#### [Dataset extract]
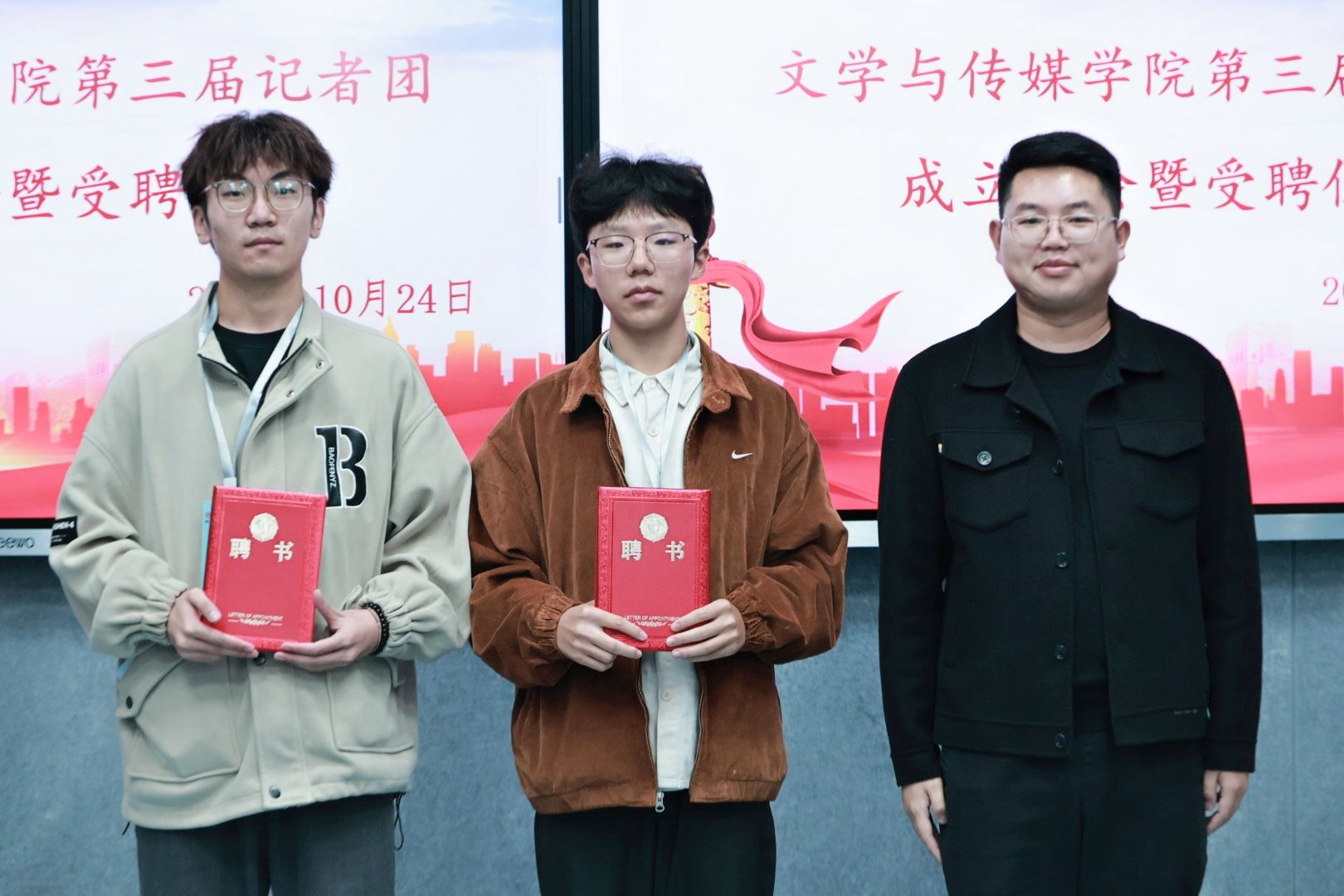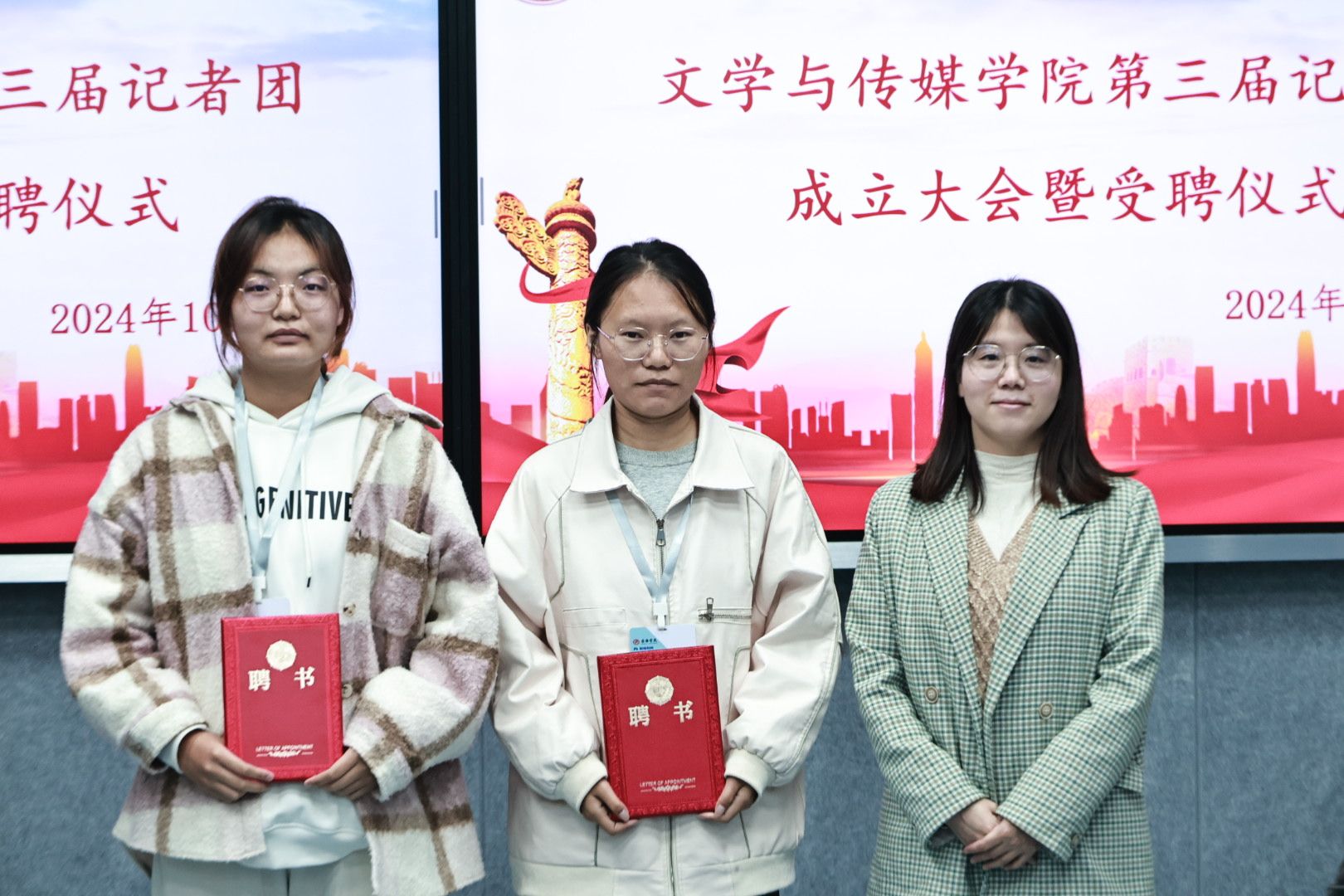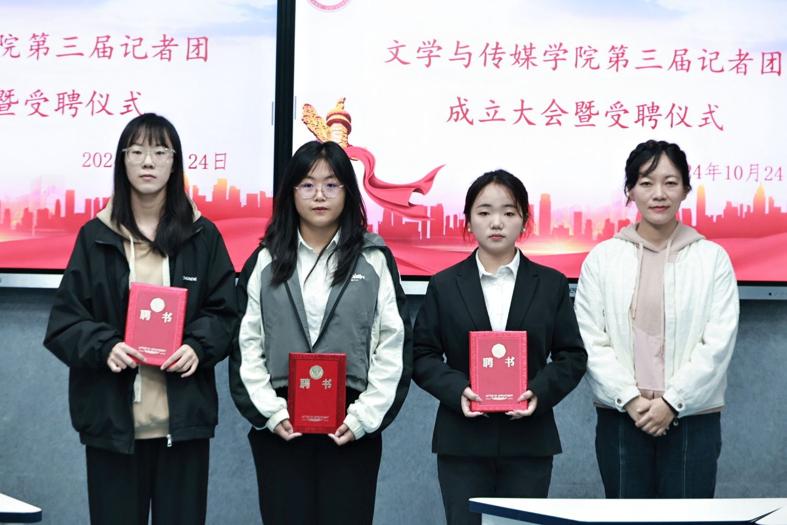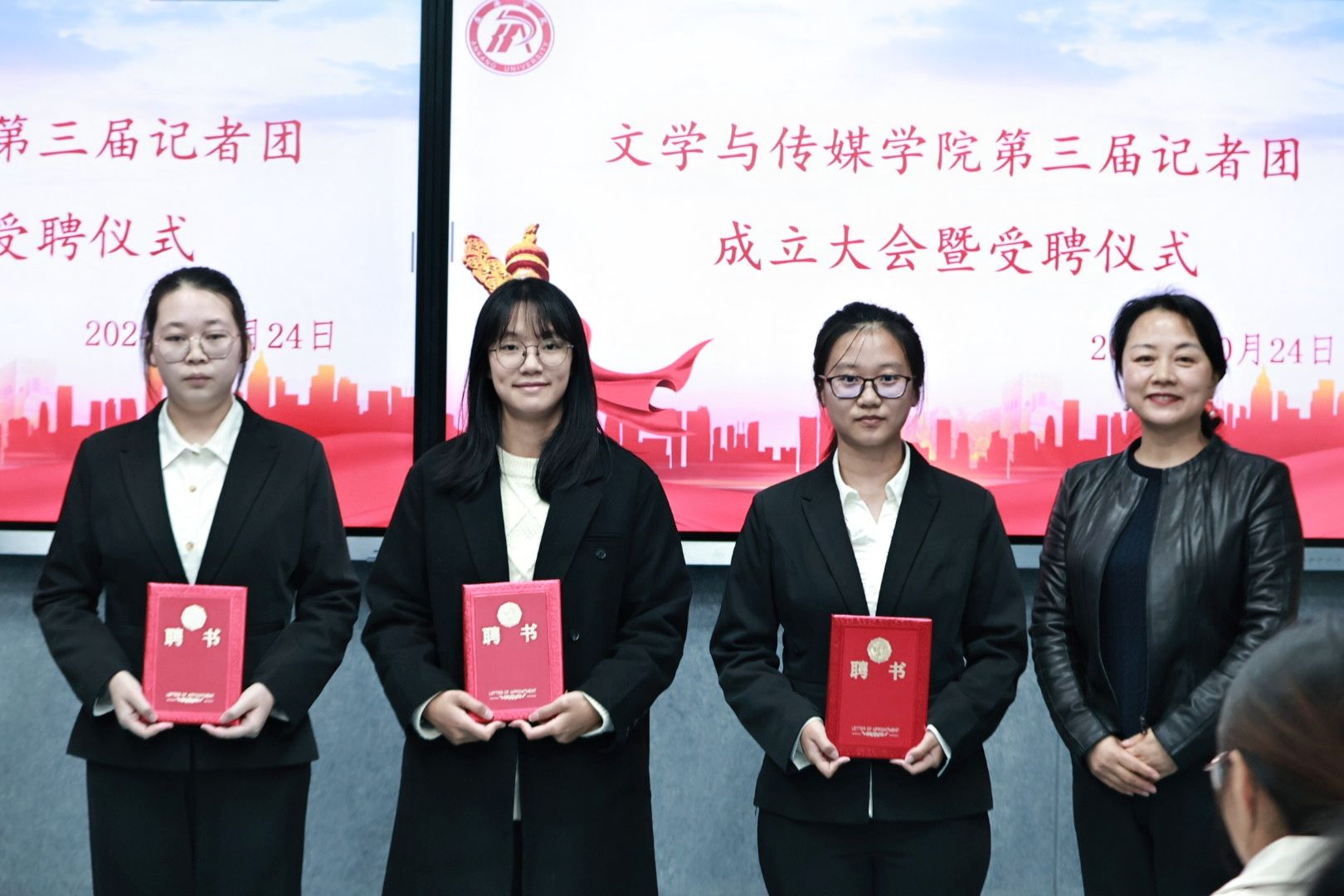 崔瑜宣布第三届记者团成员名单并对记者团新成员的加入表示热烈欢迎。与会老师为主编、副主编、各部门部长颁发聘书。
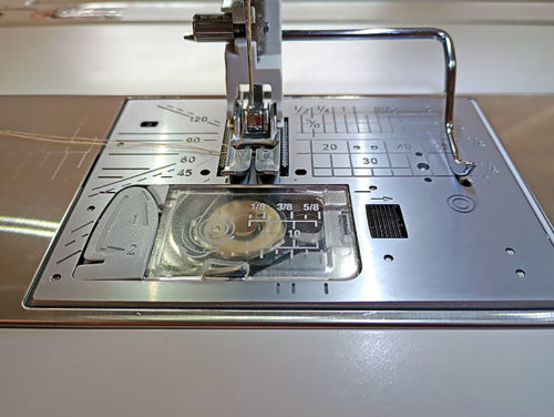 - Keep the machine threaded with thread to match the lining in the bobbin and exterior thread on top. Re-set for a standard straight stitch. We continued to use our AcuFeed™ narrow VD foot. You could also choose to use a standard Zipper foot.
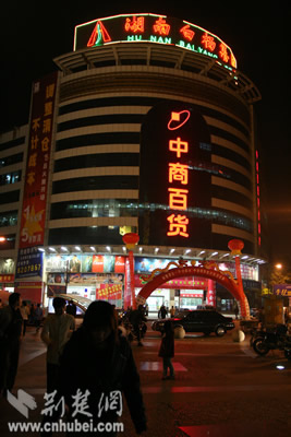 在岳陽最繁華的云夢路步行街,人流涌動、霓虹閃爍,記者看到武商集團岳陽購物中心正在隆重招商。此前,中商百貨已在這里開設了該集團的首家省外分店。
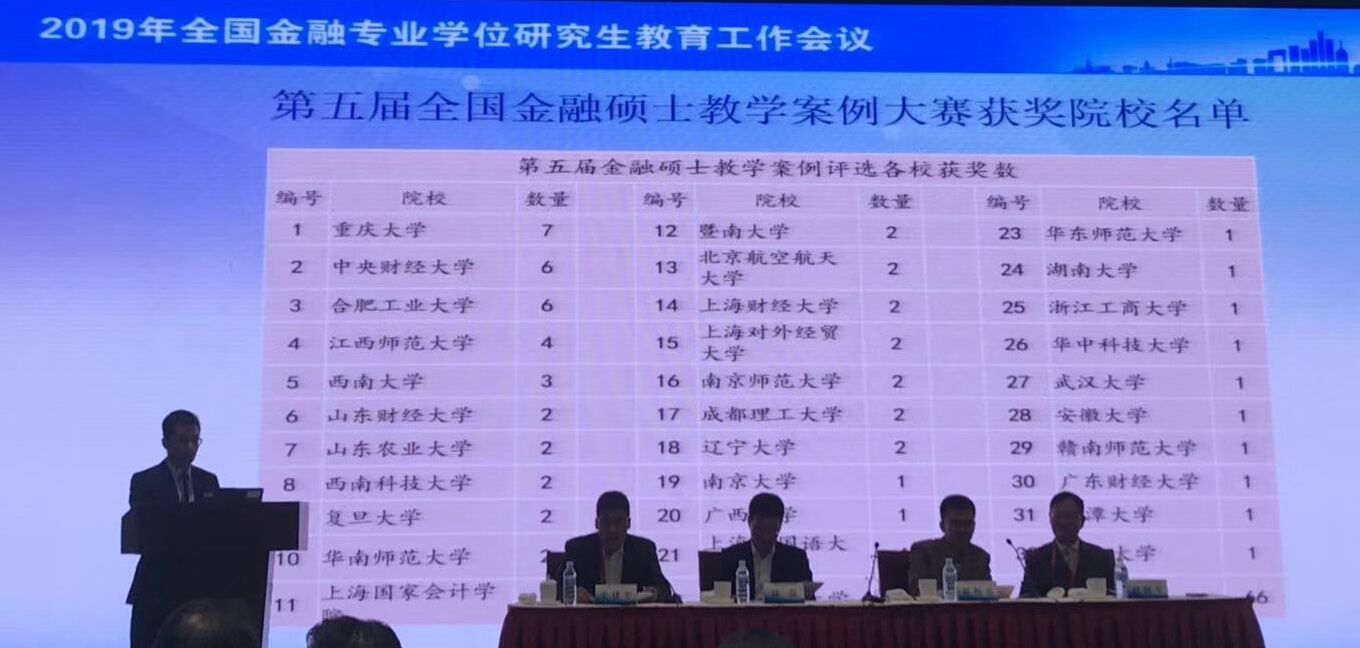 全国金融硕士教学案例大赛是全国金融专业学位研究生教育指导委员会组织的教学案例评奖,是目前全国金融专业硕士研究生教学案例的最高奖项,获奖案例将进入金融教指委中国金融专业学位案例中心。此次比赛共有来自全国各高校参赛作品328篇,评选出获奖教学案例66篇。

#### [Description of the task]
Retype the whole listing exactly. Do not include the pictures.

#### [Written reply]
 崔瑜宣布第三届记者团成员名单并对记者团新成员的加入表示热烈欢迎。与会老师为主编、副主编、各部门部长颁发聘书。
 - Keep the machine threaded with thread to match the lining in the bobbin and exterior thread on top. Re-set for a standard straight stitch. We continued to use our AcuFeed™ narrow VD foot. You could also choose to use a standard Zipper foot.
 在岳陽最繁華的云夢路步行街,人流涌動、霓虹閃爍,記者看到武商集團岳陽購物中心正在隆重招商。此前,中商百貨已在這里開設了該集團的首家省外分店。
 全国金融硕士教学案例大赛是全国金融专业学位研究生教育指导委员会组织的教学案例评奖,是目前全国金融专业硕士研究生教学案例的最高奖项,获奖案例将进入金融教指委中国金融专业学位案例中心。此次比赛共有来自全国各高校参赛作品328篇,评选出获奖教学案例66篇。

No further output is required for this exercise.